-- WHAT TO PRODUCE --
What you return must be an exact copy of the lines in the listing below between the line holding "Wykonałam lalkę BJD" and the line holding "Ночью после ее", inclusive, and nothing more.

-- INPUT DATA --
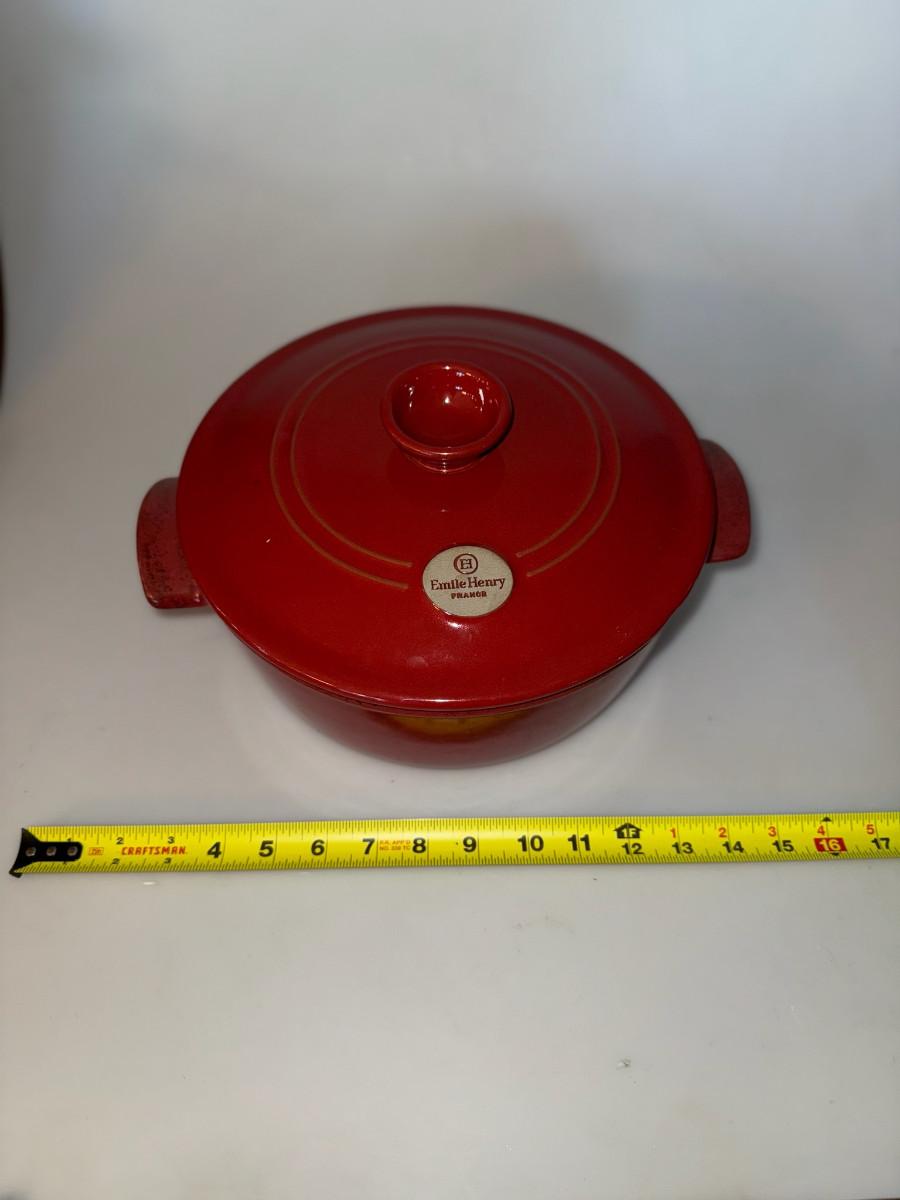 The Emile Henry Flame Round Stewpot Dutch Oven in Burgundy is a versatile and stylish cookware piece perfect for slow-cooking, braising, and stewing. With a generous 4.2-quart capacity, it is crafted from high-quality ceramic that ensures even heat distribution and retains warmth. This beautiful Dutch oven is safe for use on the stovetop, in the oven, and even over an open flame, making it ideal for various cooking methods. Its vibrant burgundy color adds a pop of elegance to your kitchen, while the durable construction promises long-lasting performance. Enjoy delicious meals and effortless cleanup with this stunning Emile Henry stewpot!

---

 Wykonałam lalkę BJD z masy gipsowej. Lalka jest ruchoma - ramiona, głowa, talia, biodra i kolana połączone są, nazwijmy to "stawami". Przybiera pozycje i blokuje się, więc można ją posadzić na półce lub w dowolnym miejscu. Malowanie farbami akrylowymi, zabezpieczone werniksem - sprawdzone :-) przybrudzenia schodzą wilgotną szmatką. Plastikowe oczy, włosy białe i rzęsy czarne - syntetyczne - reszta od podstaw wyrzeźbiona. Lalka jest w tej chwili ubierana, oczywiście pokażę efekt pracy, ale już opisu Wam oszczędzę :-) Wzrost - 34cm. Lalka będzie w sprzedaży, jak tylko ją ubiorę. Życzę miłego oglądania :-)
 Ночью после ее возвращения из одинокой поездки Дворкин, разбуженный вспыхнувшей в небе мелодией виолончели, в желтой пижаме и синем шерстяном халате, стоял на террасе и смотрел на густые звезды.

-- TASK SOLUTION --
 Wykonałam lalkę BJD z masy gipsowej. Lalka jest ruchoma - ramiona, głowa, talia, biodra i kolana połączone są, nazwijmy to "stawami". Przybiera pozycje i blokuje się, więc można ją posadzić na półce lub w dowolnym miejscu. Malowanie farbami akrylowymi, zabezpieczone werniksem - sprawdzone :-) przybrudzenia schodzą wilgotną szmatką. Plastikowe oczy, włosy białe i rzęsy czarne - syntetyczne - reszta od podstaw wyrzeźbiona. Lalka jest w tej chwili ubierana, oczywiście pokażę efekt pracy, ale już opisu Wam oszczędzę :-) Wzrost - 34cm. Lalka będzie w sprzedaży, jak tylko ją ubiorę. Życzę miłego oglądania :-)
 Ночью после ее возвращения из одинокой поездки Дворкин, разбуженный вспыхнувшей в небе мелодией виолончели, в желтой пижаме и синем шерстяном халате, стоял на террасе и смотрел на густые звезды.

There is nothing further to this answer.